Ласточка, птенец мой чёрный, Лети за океан, Донеси туда, где доллар Правит жизнью стран, Что, не дав себе споткнуться, Под знамёнами революции, Мы сегодня выполнили план!

В целом занятие по боевой подготовке можно было оценить положительно, потому что мы что? Потому что мы закалились!

Лейтенант Троник уже нетерпеливо ожидал их в политкомнате, чтобы провести политическое обучение личного состава. На это мероприятие прибыл и Ясанек, который хоть и несколько шепелявил, но всё же решил присоединиться к дискуссии о важнейших политических проблемах.

— Товарищи, — начал лейтенант, едва измотанные бойцы попадали на стулья, — ни для кого не секрет, что в мире существуют два лагеря — лагерь социалистический и лагерь капиталистический. Кто мне может сказать, к какому лагерю принадлежит наша социалистическая республика?

— К социалистическому лагерю! — восторженно зашепелявил Ясанек.

— Отлично! — похвалил его Троник. — Мы принадлежим к социалистическому лагерю, и располагаем всеми его возможностями и завоеваниями. Возьмём случай рядового Ясанека! Рядовой Ясанек себе, товарищи, выбил зубы. Если бы он выбил их при эксплуататорском, капиталистическом режиме, то пришлось бы ему заплатить за новые зубы из собственного кармана. Если бы он был безработным, и кормил старуху мать, находящуюся у него на иждивении, то вообще не смог бы вставить зубы, и из‑за равнодушия общества ходил бы беззубый! Однако товарищ Ясанек выбил себе зубы, будучи строителем социализма и комсомольцем. Ему нечего опасаться, товарищи, поскольку новый, прогрессивный строй не повернётся к нему спиной! Товарищ Ясанек получит новые зубы, товарищи, бесплатно! Такова правда, и её не поколебать никакой»Свободной Европе»и никакому»Голосу Америки»! На нашей стороне не только наши строительные успехи, но и наш растущий жизненный уровень. Трудящиеся на Западе зачастую вообще не трудящиеся, потому что они безработные. Питаются объедками, выброшенными на помойку капиталистическими живодёрами и ночуют под мостами. Насколько радостнее, товарищи, жить при социализме. Здесь есть кто‑нибудь безработный?

— Нет, — ответил Ясанек за всех.

— Правильно, нет, — воскликнул замполит, — у всех есть своя работа, которую мы любим, и все мы радостно строим прекрасное завтра. Об этом метко написал товарищ лейтенант Станислав Нейман, с которым я учился в школе политических работников. Он мой хороший друг, и пишет стихи на высочайшем уровне.

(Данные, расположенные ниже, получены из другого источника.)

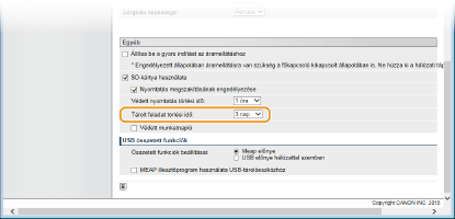 A dokumentumok automatikus törlésének megakadályozásához válassza a [Ki] lehetőséget.

На светлых улицах дети смеются, Пионерские галстуки на белых блузках, Мама из окна улыбается деткам, Так будет потом, через две пятилетки. Будешь и ты стоять и ждать возле дверки, Когда дочка вернётся, твоя пионерка…

Кулак Вата уснул. Скорчившись на стуле, он начал громко храпеть. Лейтенант Троник подскочил и злобно засопел. Имело место не что иное, как провокация! Вот ещё! Раскулаченный эксплуататор не выносит революционной поэзии, и противостоит ей вот такими вот средствами!

Вонявка пихнул храпящего Вату. Кулак зачавкал, замахал руками и вытаращил перепуганные глаза. Ни за что на свете он не мог понять, что происходит.

Лейтенант передумал применять штрафные санкции и решил кулака перевоспитать.

— Вата, — сказал он относительно миролюбиво, — подойдите ко мне. Прочтите товарищам стихотворение лейтенанта Станислава Неймана!

Вата наконец понял, чего от него хотят. Облизнув пересохшие губы, он медвежьей походкой вышел перед ротой. Без возражений он взял у лейтенанта из рук стихотворение и начал прочувствованно декламировать. Его могучий голос загудел по всей политкомнате

…мама, а что значит слово «бедность»? И разве можно пахать без трактора? Это же просто сплошная нелепость! А потом нам, мама, про Февраль рассказывали, Как люди однажды вышли на улицы, Потому им вообще не нравилось, Как негодяи вредят республике. Мама, как вы с ними управились? Тот вечер наполнят цветов ароматы, Хозяйки из окон будут выглядывать… Вата запнулся и завращал глазами.

— Ничего, продолжайте, Вата, — призвал его лейтенант, и принялся злорадно наблюдать, как кулак с нескрываемым отвращением продирается сквозь гущу революционной поэзии.

— На ужин становись! — объявил дежурный по роте рядовой Черник спокойным, хорошо поставленным голосом. Позвоночник, очевидно, его не беспокоил, поскольку он уже не ковылял и не скулил.

Впрочем, лейтенант Гамачек остался недоволен его трактовкой армейской команды.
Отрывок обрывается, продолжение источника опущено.